PROBLEM — An exact transcription of the lines below, from the first through the one containing "Some old cars", is the only output wanted.

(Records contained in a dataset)
__________________________________________________

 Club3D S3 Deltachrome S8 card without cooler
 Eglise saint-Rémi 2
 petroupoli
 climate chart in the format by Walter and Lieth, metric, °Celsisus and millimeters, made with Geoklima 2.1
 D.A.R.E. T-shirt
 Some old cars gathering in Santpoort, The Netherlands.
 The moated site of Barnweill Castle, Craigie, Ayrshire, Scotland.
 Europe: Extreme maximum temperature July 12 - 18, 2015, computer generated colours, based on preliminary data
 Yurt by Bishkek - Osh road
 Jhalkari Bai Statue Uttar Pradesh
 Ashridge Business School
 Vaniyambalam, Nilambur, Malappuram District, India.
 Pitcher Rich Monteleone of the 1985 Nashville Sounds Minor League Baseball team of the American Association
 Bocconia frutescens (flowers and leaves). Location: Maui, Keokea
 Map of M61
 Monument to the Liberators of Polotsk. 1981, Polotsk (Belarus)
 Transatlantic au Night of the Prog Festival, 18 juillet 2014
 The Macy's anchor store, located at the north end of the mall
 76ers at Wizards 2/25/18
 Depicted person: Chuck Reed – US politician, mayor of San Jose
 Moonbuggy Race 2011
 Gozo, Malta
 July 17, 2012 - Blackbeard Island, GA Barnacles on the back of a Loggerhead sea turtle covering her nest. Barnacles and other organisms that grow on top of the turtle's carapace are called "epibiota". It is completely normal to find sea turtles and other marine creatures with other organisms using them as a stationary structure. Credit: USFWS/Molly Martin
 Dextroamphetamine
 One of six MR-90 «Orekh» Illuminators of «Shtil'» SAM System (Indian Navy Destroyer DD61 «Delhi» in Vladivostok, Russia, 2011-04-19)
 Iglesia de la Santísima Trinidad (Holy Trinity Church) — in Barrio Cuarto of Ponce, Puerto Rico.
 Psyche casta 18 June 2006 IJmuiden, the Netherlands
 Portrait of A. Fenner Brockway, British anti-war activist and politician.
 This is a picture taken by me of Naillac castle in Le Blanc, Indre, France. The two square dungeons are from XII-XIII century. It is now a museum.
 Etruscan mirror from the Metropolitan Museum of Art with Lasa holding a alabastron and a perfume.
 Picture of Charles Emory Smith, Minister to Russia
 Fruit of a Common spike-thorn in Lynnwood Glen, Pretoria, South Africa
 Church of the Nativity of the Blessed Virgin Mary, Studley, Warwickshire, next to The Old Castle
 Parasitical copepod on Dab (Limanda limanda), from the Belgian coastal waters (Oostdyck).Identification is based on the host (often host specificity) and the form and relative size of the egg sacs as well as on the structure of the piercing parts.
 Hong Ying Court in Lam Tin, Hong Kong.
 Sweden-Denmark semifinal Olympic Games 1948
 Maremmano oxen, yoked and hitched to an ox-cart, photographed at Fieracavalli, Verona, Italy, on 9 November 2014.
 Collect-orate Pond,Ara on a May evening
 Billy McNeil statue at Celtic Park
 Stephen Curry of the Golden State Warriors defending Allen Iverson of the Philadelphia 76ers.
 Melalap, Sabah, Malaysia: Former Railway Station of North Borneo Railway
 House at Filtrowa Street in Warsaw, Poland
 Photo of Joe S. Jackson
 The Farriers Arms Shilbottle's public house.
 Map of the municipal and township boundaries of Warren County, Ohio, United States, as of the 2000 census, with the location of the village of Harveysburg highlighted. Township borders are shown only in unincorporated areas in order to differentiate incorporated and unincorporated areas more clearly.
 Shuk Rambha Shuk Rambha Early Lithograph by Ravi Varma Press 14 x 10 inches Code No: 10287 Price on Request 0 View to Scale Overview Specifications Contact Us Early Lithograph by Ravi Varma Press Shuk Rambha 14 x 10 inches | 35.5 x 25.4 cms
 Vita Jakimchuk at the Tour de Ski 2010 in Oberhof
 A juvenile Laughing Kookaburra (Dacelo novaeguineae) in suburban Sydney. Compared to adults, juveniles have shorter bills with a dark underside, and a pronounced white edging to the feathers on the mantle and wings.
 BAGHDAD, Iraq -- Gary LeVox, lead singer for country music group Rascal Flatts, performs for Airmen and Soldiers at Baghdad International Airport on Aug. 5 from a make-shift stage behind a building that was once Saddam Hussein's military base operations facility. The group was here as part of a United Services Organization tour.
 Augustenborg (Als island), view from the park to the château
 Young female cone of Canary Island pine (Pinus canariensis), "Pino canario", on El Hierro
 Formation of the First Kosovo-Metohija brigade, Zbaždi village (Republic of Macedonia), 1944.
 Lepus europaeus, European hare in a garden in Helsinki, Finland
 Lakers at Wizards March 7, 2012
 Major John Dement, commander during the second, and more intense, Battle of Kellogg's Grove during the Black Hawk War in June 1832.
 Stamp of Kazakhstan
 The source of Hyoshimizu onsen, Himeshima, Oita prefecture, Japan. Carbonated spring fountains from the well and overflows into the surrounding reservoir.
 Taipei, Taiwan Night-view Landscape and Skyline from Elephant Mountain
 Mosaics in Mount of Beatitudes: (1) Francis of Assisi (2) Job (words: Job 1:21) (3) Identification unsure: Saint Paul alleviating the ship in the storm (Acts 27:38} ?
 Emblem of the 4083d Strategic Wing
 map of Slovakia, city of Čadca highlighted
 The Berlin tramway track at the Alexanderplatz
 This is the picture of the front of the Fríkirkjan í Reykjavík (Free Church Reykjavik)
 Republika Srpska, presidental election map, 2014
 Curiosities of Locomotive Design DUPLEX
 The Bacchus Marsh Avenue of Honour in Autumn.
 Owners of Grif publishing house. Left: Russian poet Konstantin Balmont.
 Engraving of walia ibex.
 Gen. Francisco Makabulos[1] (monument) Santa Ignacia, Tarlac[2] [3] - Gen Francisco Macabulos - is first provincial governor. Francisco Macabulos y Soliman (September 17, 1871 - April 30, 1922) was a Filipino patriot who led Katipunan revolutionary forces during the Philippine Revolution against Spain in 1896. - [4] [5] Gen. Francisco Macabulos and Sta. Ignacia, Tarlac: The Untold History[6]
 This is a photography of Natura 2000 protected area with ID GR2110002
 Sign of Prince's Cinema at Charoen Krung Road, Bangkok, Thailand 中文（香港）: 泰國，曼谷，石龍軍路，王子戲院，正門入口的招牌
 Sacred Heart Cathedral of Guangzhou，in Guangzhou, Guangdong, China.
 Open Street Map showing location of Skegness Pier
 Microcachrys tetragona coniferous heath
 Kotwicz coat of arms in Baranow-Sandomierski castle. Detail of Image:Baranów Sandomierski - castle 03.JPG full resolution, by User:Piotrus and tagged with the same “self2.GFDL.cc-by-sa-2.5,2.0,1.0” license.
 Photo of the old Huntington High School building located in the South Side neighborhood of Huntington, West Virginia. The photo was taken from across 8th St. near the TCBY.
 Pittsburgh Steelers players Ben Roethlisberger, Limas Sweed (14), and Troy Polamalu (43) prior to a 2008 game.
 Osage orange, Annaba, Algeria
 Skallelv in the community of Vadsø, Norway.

__________________________________________________

YOUR SOLUTION —
 Club3D S3 Deltachrome S8 card without cooler
 Eglise saint-Rémi 2
 petroupoli
 climate chart in the format by Walter and Lieth, metric, °Celsisus and millimeters, made with Geoklima 2.1
 D.A.R.E. T-shirt
 Some old cars gathering in Santpoort, The Netherlands.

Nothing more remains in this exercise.